When a user asks “What’s the status of order #12345?”, RAG retrieves a document. But what if answering requires:

Querying an order database
Checking shipping status from an API
Calculating estimated delivery based on location
Composing a response with all that information

RAG can’t do this. RAG retrieves static documents. Agents take actions.

If you try to build multi-step systems with RAG patterns, you’ll create brittle pipelines that break on variation. Understanding the agent mental model lets you build flexible systems that adapt.

What Goes Wrong Without This:

Agent Failure Patterns

Pipelines vs Agents

There are two ways to build multi-step AI systems:

Pipelines vs Agents

The key question: Who decides the next step—your code or the model?

Pipeline: You enumerate all paths.

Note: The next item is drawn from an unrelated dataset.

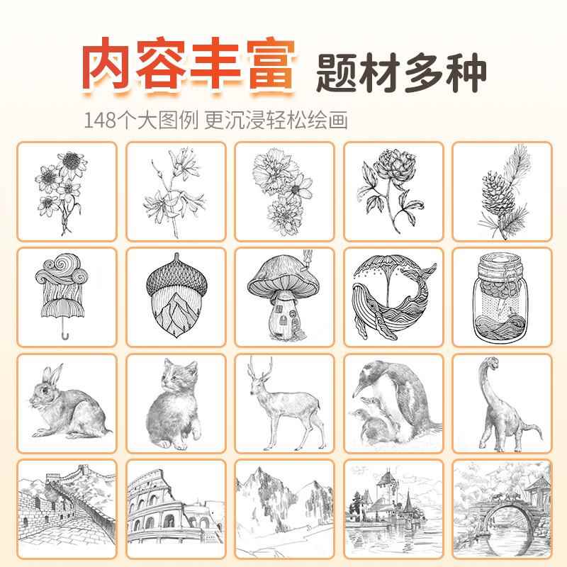 速发创意静物动物花卉风景线稿描摹本 套装植物入门漫画技法画画
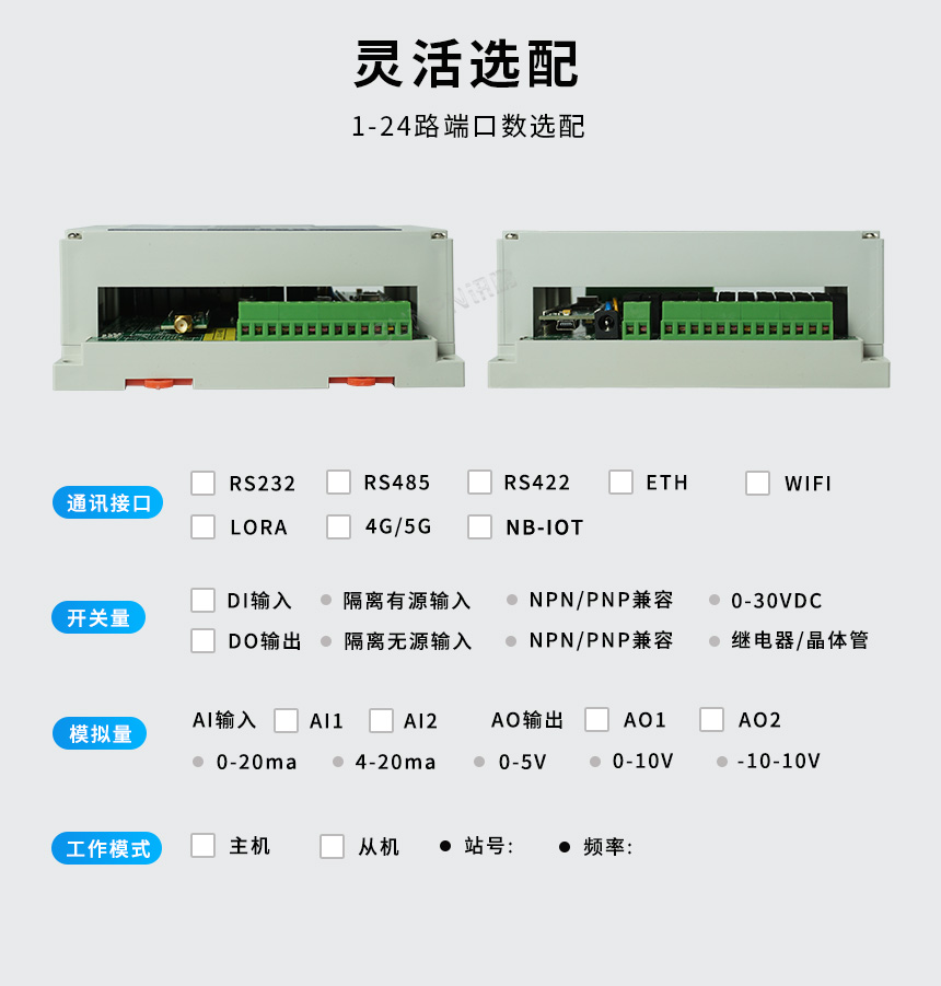 1、上位机读写控制模式,该模式下:客户的主控PLC、PC、上位机组态等可通过该系列产品采集或控制客户现场设备上的开关量、模拟量、传感器等信号,如:光电开关、接近开关、磁性开关、液位、拉压力、0-5v、0-10v、0-20ma、4-20ma、继电器,电磁阀,灯泡,接触器,阀门,电机,报警器等。

Reliable for known scenarios. Fails on novel scenarios.
Agent: Model reasons about what to do. Handles variation. Can make mistakes.

Neither is better. They solve different problems.

The Agent Loop

An agent is a loop. The LLM decides what to do, executes it, observes the result, and decides again.

The Agent Loop

Each iteration:

Observe: What information do I have? What just happened?
Think: Given my goal and current state, what’s the best next action?
Act: Execute the chosen action
Evaluate: Am I done? If not, loop.

The magic: the model decides the action at step 2. This is what makes it an agent, not a pipeline.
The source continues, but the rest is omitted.